Successful Endeavours specialise in Electronics Design and Embedded Software Development, focusing on products that are intended to be Made In Australia. Ray Keefe has developed market leading electronics products in Australia for more than 30 years. This post is Copyright © 2017 Successful Endeavours Pty Ltd.

Top Programming Languages

Each of the past 3 years IEEE Spectrum have conducted a survey of the Top Programming Languages. This year they have done it again and the results are in. The overall winner is Python with C taking out the Embedded Software category.

Here is the overall list covering all development platforms considered.
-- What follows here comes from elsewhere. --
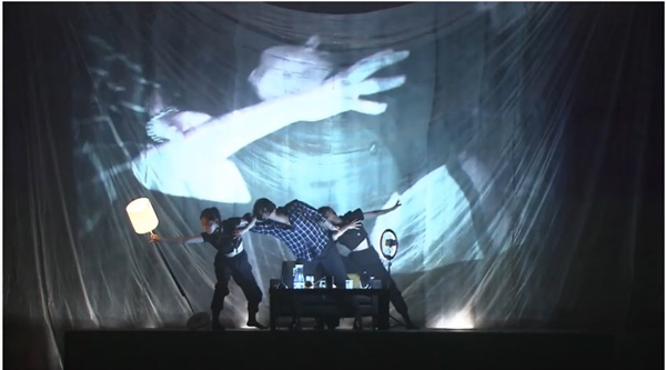 지난 3일 제주아트센터 무대에 오른 '디 오브젝트'. 객석 중간에 놓인 또 하나의 무대에서 연출된 장면으로 사진은 제주아트센터 유튜브 중계 화면에서 따왔다.
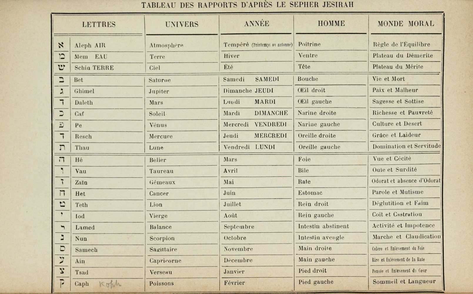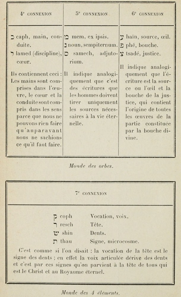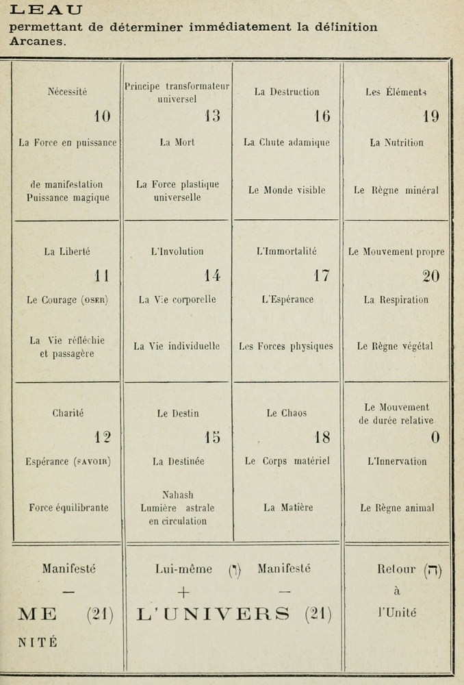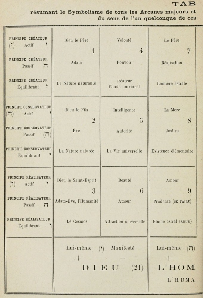 ■ Nous n’avons pas repris les schémas déjà antérieurement présents dans le Traité élémentaire de sciences occultes du même auteur et Essais de sciences maudites de Stanislas de Guaita, referez vous à ces derniers pour les consulter. Nous avons en revanche gardé l’arbre séphirotique 🗎⮵ et des tableaux de Kircher présents dans l’Œdipe égyptien {Œdipus Aegyptiacus} attendu qu’ils sont ici traduits en français, mais y avons exclu la gravure 🗎⮵ que Papus à récupéré de l’ouvrage pour la placer en frontispice puisqu’elle n’apporte rien sinon une qualité moindre.

Top Programming Languages 2017

Top Programming Languages 2017

So Python is the winner and for the first time. It’s continued rise in usage is a testimony to the usefulness of the language and the ecosystem that sits around it. But the top 4, Python, C, Java and C++ are a long way ahead of the rest overall.

Top Embedded Programming Languages

And for Embedded Software development we have.

Top Embedded Programming Languages 2017

Top Embedded Programming Languages 2017

There has been some discussion around whether Arduino is a Language since it is a platform with a development tool set built around C and some libraries. But this is a compilation of responses from software development practitioners and so they obviously think it is.

The surprise for me is Haskell. Functional Programming is still in its infancy and there is a lot we don’t fully get about it so I was surprised to see it ranking so highly. What would be really useful is to also get an understanding of what types of problems/solutions/applications the programming was being applied to rather than just the language the solution was implemented in.

Of interest is the correlation with the languages we use here at Successful Endeavours. Here is our short list:

  • C
  • C++
  • Python
  • PHP
  • Perl
  • VHDL
  • Assembly
  • HTML
  • Arduino

The previous results can be found in

Successful Endeavours specialise in Electronics Design and Embedded Software Development, focusing on products that are intended to be Made In AustraliaRay Keefe has developed market leading electronics products in Australia for more than 30 years. This post is Copyright © 2017 Successful Endeavours Pty Ltd.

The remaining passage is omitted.